The five models used in the experiments were trained for 100 epochs during the training phase. To enhance performance during transfer learning and to allow the models trained on another dataset to adapt to the features of our data, an additional 20 epochs were run for fine-tuning. In this study, the models were first presented with original data and then cropped data from the normal control and abnormal patient groups. All models were tested on 224 images after training, and their success was evaluated using performance metrics. Finally, to determine which diseases, ages, and sexes the misdiagnosed cases (false positives or false negatives) belonged to, the dataset was analyzed using the most successful model.

Statistical analysis

The mean and standard deviation values for age and the median and quartiles were presented. The descriptive statistics of the pathological groups were calculated. Pearson’s chi-squared test was used to compare gender data. Kolmogorov–Smirnov test showed that the age data did not follow a normal distribution (P < 0.001 for all groups). The median and interquartile ranges were presented for non-normally distributed dose parameters. A non-parametric Mann–Whitney U test was applied since the pathological groups did not show a normal distribution. Statistical analyses were performed using the IBM SPSS version 23.0 software package (IBM Corporation, Armonk, NY, USA). A single receiver operating characteristic (ROC) curve and cut-off analysis were used for the internal test, whereas two ROC curves with independent groups were designed to compare the external and internal validation tests. Two-tailed P values < 0.05 were considered statistically significant. After completing the training phase, the models were tested using the dataset created for testing. The performance of the models was measured by metrics such as accuracy, precision, sensitivity, specificity, F1 score, and the AUC.

Results

The age and sex distribution of the three groups within the dataset are presented in Table 1. No significant difference was found between the two patient groups regarding age (P = 0.928). However, there were more boys in the SD group than in the ID group (P < 0.001). Regarding dose parameters, 725 examinations were performed with 80 kVp, 338 with 100 kVp, and 89 with 120 kVp. The median tube current was 320 mA (interquartile range 80). The mean (± standard deviation) exposure time was 37.22 ± 7.51 milliseconds, and the median DAP was 165 mGy·cm2 (interquartile range: 349). In the SD group, a total of 16 different causes of obstruction were identified. The most prevalent cause, ileus due to postoperative adhesions, was observed in 83 radiographs of 27 patients (27.9%). This was followed by complicated appendicitis, seen in 67 radiographs of 30 patients (22.5%), and NEC, found in 35 radiographs of 11 patients (11.7%). It is worth noting that some cases of ileus due to postoperative adhesions were observed during follow-up after surgeries of patients with other etiologies, which is why the total number of cases appears higher than the total number of patients in this group when the cases from both groups are combined. The age and sex distribution according to the types of diseases is presented in Table 2.

NEC, hypertrophic pyloric stenosis, meconium ileus, Hirschsprung’s disease, duodenal atresia/stenosis, and inguinal hernia cases are observed in the neonatal and infant periods, whereas abscess/peritonitis secondary to intraperitoneal catheter and intussusception cases occur in early childhood. Complicated appendicitis and Crohn’s disease are predominantly seen in the group aged over 10 years. The disease groups with the broadest age distribution are also the two most common diseases: ileus due to postoperative adhesions and complicated appendicitis. Among the common diseases, groups with similar ages were compared statistically using the Student’s t-test. The ages of patients with complicated appendicitis were found to be significantly higher than those with ileus due to postoperative adhesions (P < 0.001), and the ages of patients with NEC were significantly higher than those with hypertrophic pyloric stenosis (P = 0.003).

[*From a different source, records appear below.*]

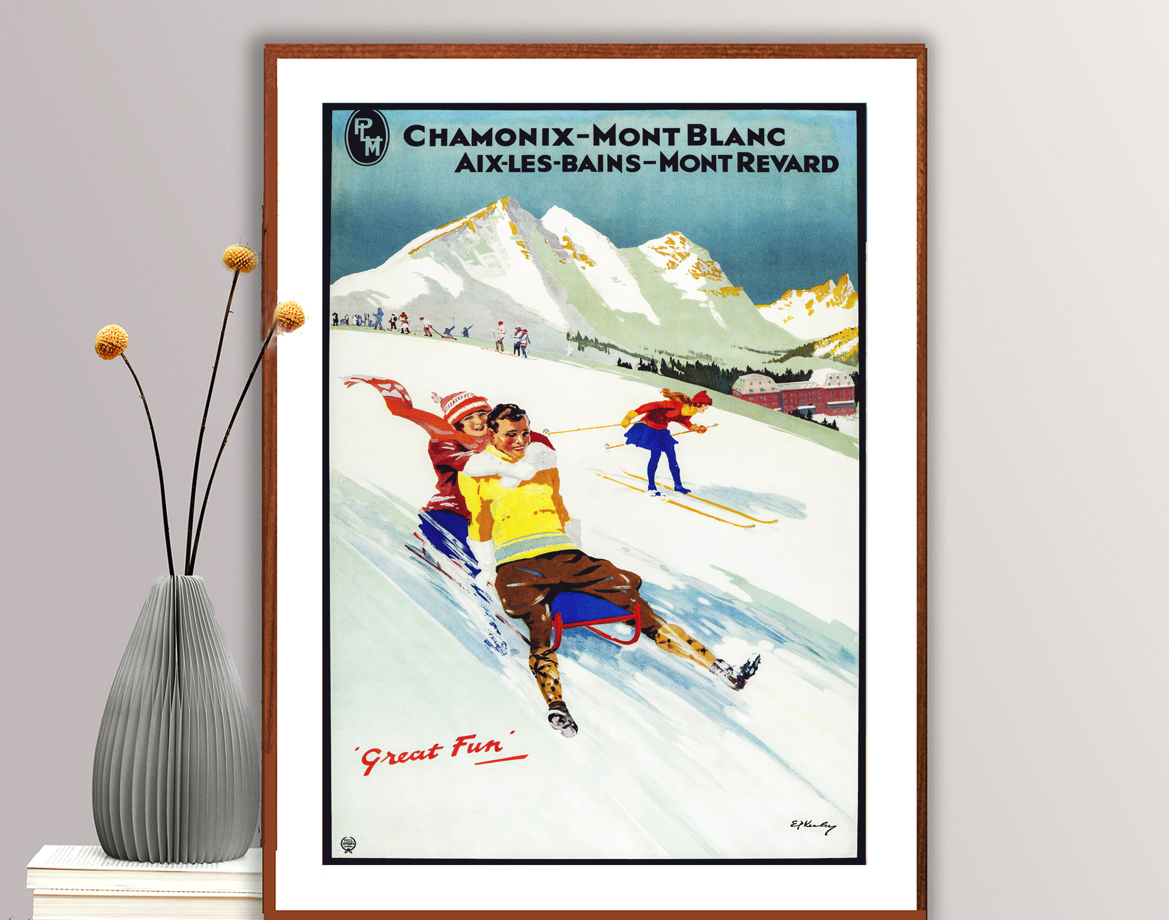 Chamonix Mont Blanc Vintage Ski Poster: Travel Wall Art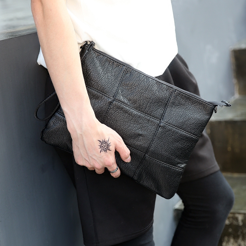 / 軟皮潮流時尚手拿包手抓男女包韓版手拿包單肩斜挎包信封包IPAD包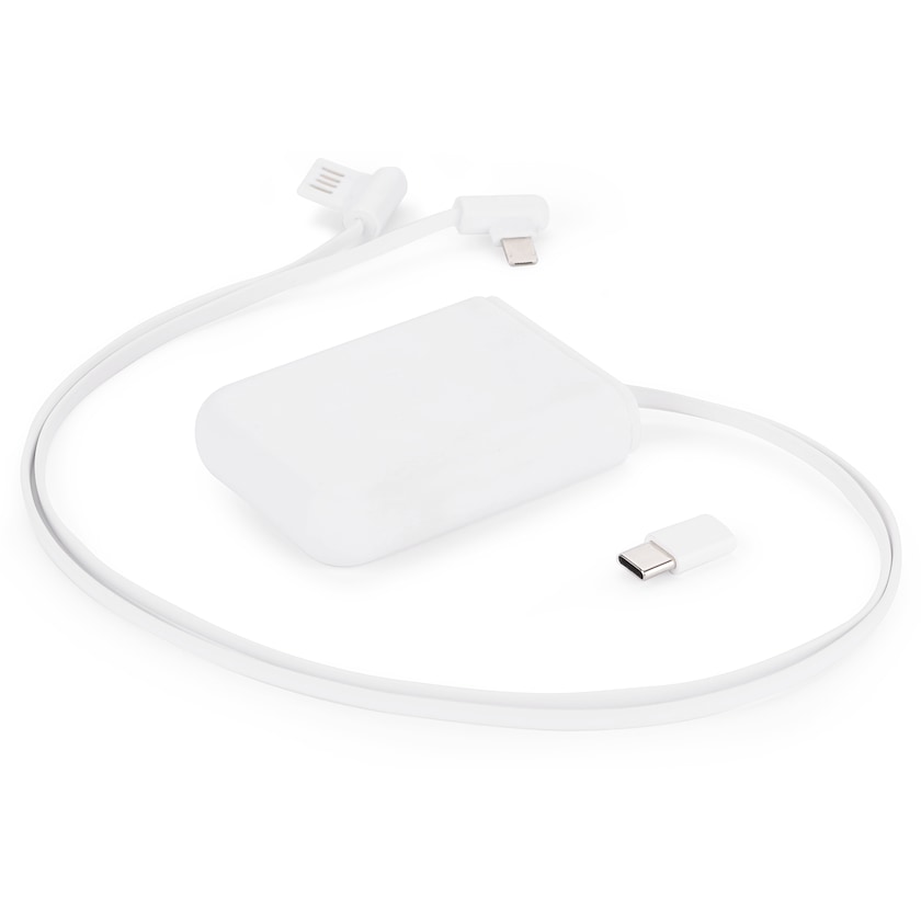 Praktisk ladekabel i smart oppbevaringsboks. Består av en USB-kabel med mikro-USB, lightning-kontakt og USB-C kabel. Kablene trekkes automatisk tilbake i oppbevaringsboksen når de ikke er i bruk.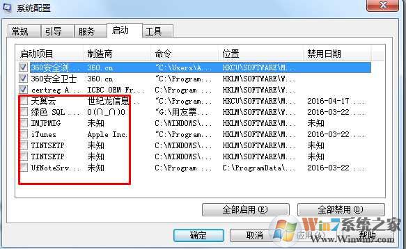 当然如果不喜欢使用注册表,那么win7 Msconfig 命令也绝对有用,打开系统配置程序后,我们在启动项中取消那些不必要的开机项,确定即可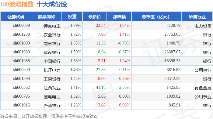 证券之星消息,12月11日,180波动(000129)指数报收于15155.12点,跌0.37%,成交787.2亿元,换手率0.29%。当日该指数成份股中,上涨的有30家,新奥股份以2.21%的涨幅领涨,下跌的有65家,江西铜业以2.85%的跌幅领跌。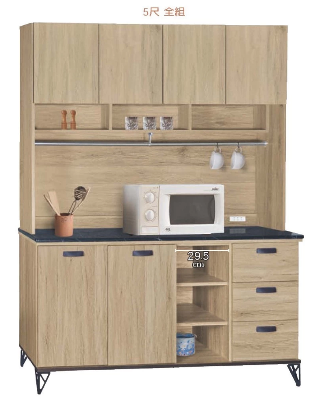 F294-1 新橡木5尺收納櫃 黑白根石面 全組上+下$13500 F294-3 新橡木4尺收納櫃 黑白根石面 全組上+下$10500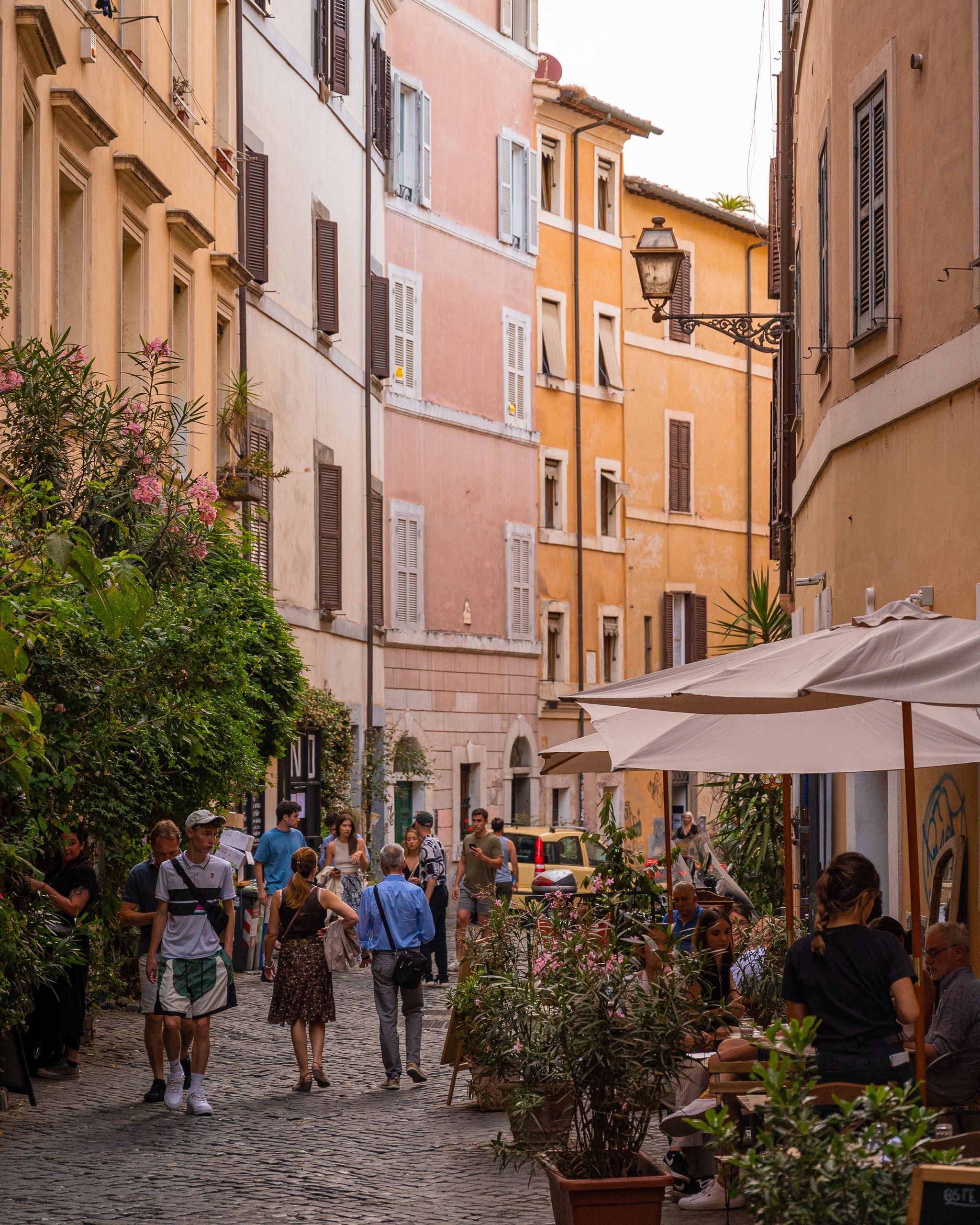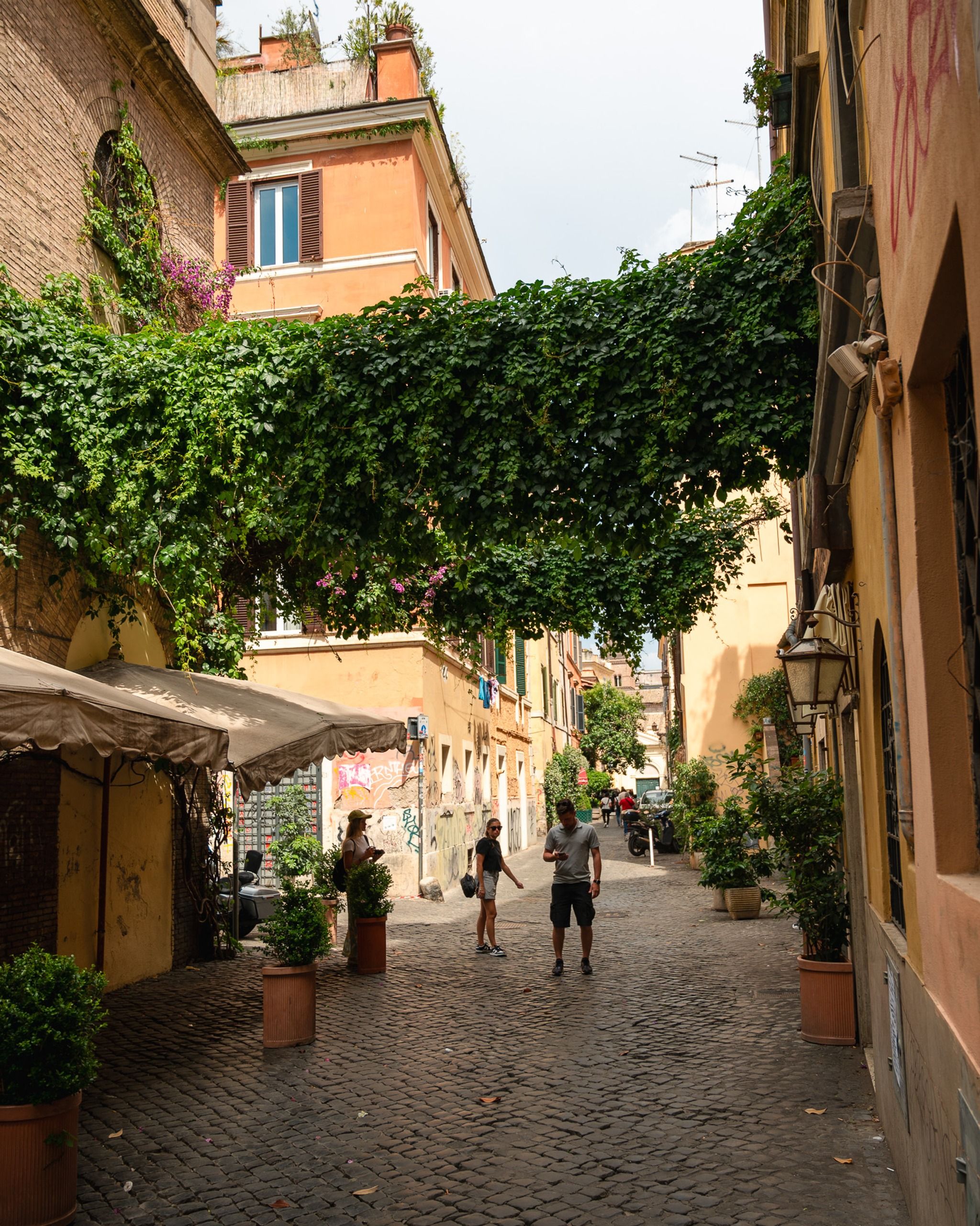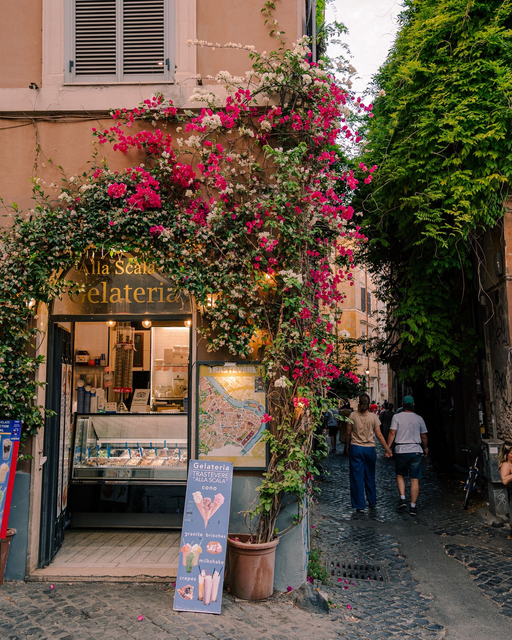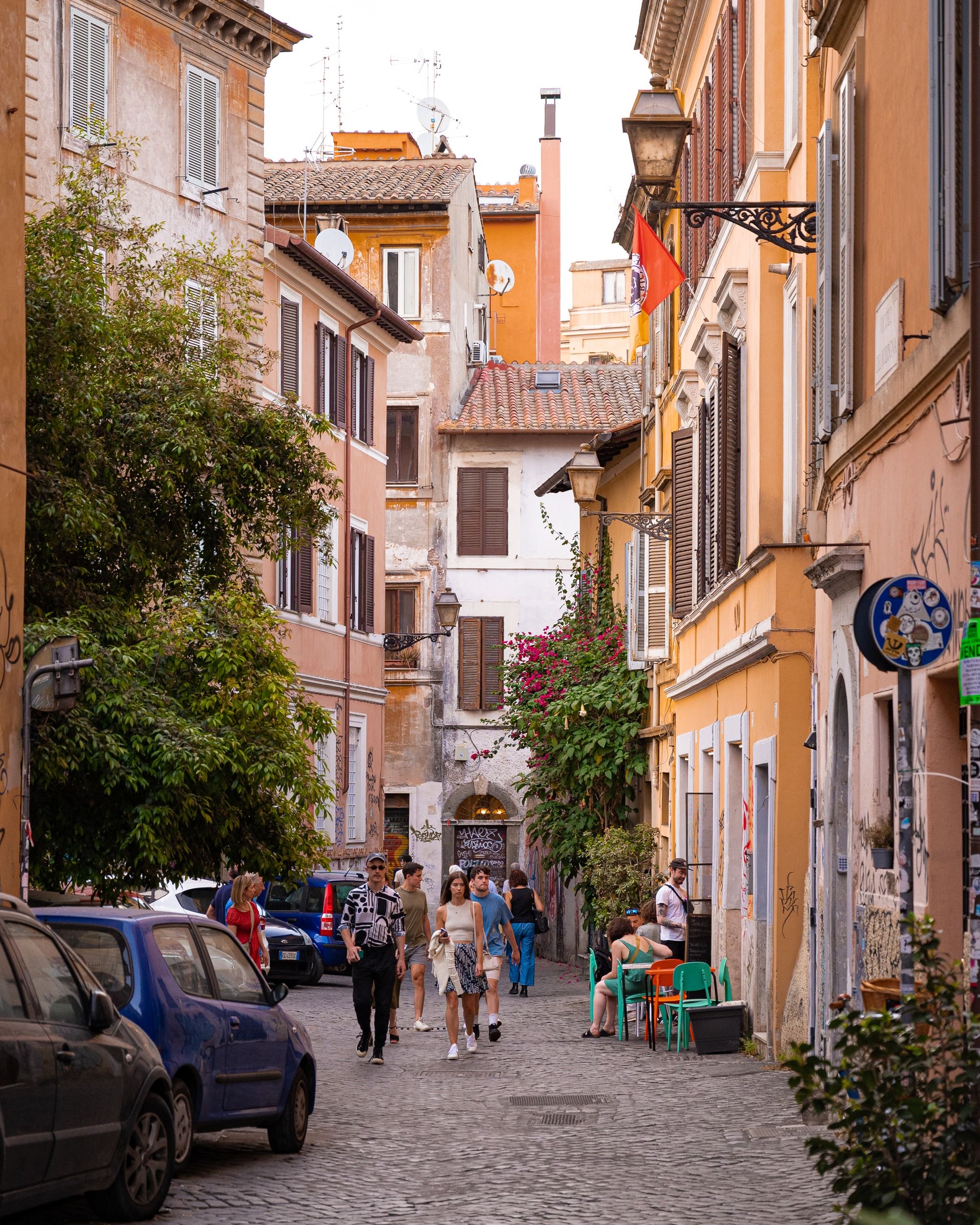 I really enjoy strolling through its characteristic narrow streets and discovering new corners of this beautiful area. On the map, I've marked some of my favorites, just to give you an idea of which direction to head. I've often visited this area in June when the bougainvillea is in bloom, enhancing the beauty of the area with its intense fuchsia color. I highly recommend Trastevere as a place to stay; there are countless things to do, and it's perfect for evening outings.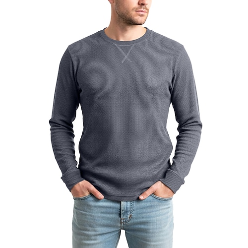 Per uomo Maglietta Waffle Maglietta Manica Lunga Girocollo Tutte le stagioni Tinta unica Tradizionale / Vintage Casual Puro All'aperto Casa Sport Outdoor Blu Nero Bianco Maglietta Top per Uomo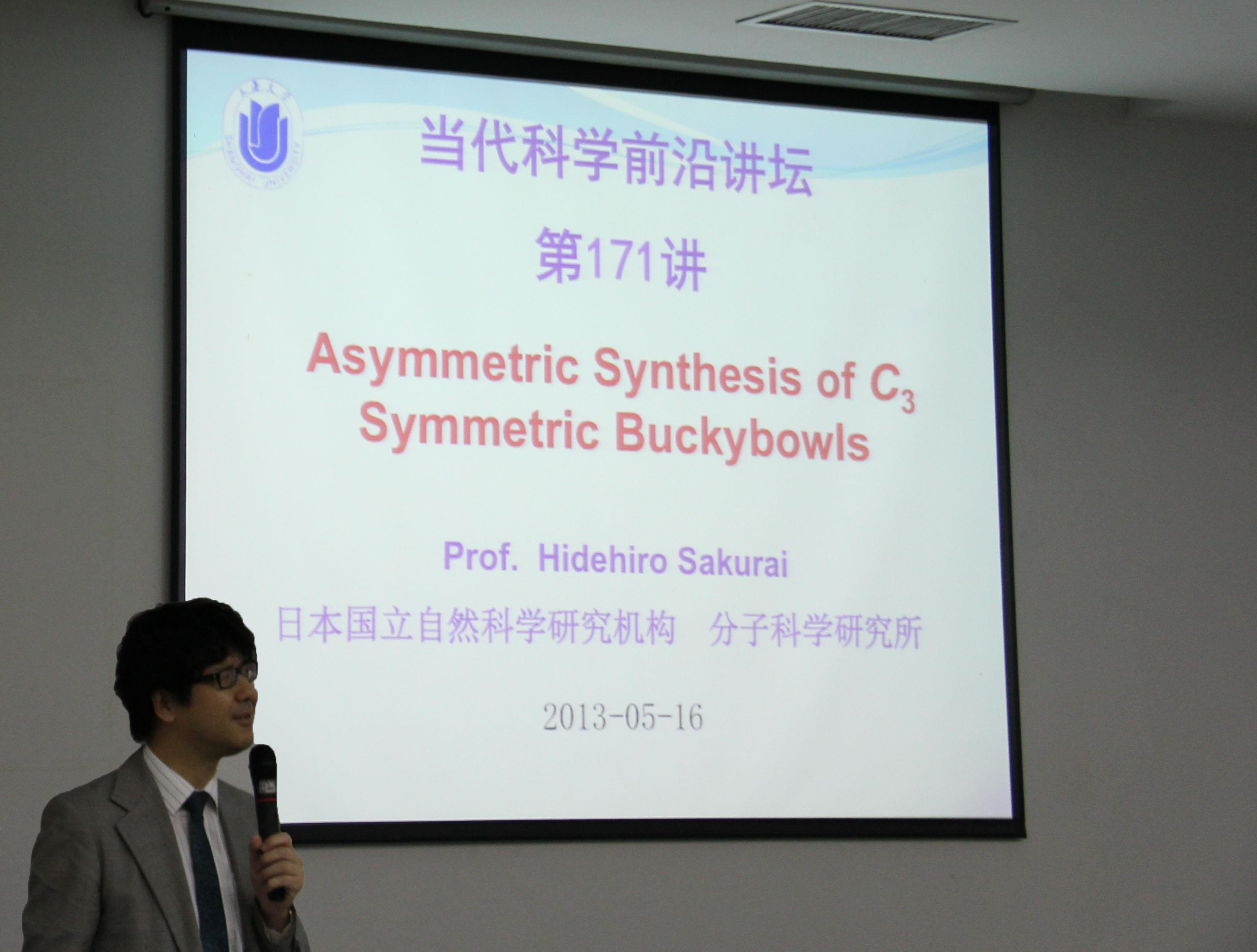 5月16日上午,H. Sakurai于校本部J101做了理学院“当代科学前沿讲坛”第171讲、今日化学82讲“Asymmetric Synthesis of C3 Symmetric Buckybowls”。报告中,他深入浅出的阐述了一类结构独特的新型有机功能材料分子--巴基碗(Buckybowl)的合成和性质研究,探讨了巴基碗的合成策略、结构特点、巴基碗的热力学翻转能量及巴基碗的作为新型有机光电材料的前景。Sakurai教授的形象生动的报告引起了化学系陈雅丽教授和贾学顺教授以及化学系青年教师和研究生的兴趣。 Sakurai教授还介绍了分子科学研究所的研究概况和该所主办的一些国际交流项目。报告后,Sakurai教授就一些老师和学生提出的问题进行了详细的解答,并就学生感兴趣的话题进行了互动。会后,Sakurai教授还参观了许斌教授实验室,并进行了一些深入的交流和讨论。

No significant difference was found between cases of postoperative adhesions and catheter infections (P = 0.379) or between Hirschsprung’s disease and duodenal atresia/stenosis (P = 0.719).

In the third group, which included cases of non-ileus, no infectious agent was detected in 142 patients, from whom 231 (73.6%) radiographs were obtained. In 41 patients (68 radiographs, 21.7%), rotavirus was detected in 2 patients (3 radiographs, 1%), adenovirus antigen in 2 patients (6 radiographs, 1.9%), and amoeba in the stool of 2 patients (6 radiographs, 1.9%). In 2 patients with 6 radiographs (1.9%), GI involvement due to multisystem inflammatory syndrome secondary to coronavirus disease-2019 was diagnosed. When comparing the ages of the rotavirus cases and other cases, it was found that rotavirus cases were significantly higher in the younger age groups (P < 0.001).

All models were tested separately on 224 images using both the original and cropped datasets after training. The confusion matrices of the models are presented in Table 3, and the performance metrics are presented in Table 4. Although the highest performance metrics of the models were observed in different rankings across different datasets, they were generally achieved with ResNet50 on raw data, EfficientNetV2L between pathological groups, and ConvNeXtXLarge on cropped data and overall. The pixels with the most weight in classification, as indicated by the gradient-weighted class activation map applied to some data in the analysis of the Xception model, are shown in Figure 3.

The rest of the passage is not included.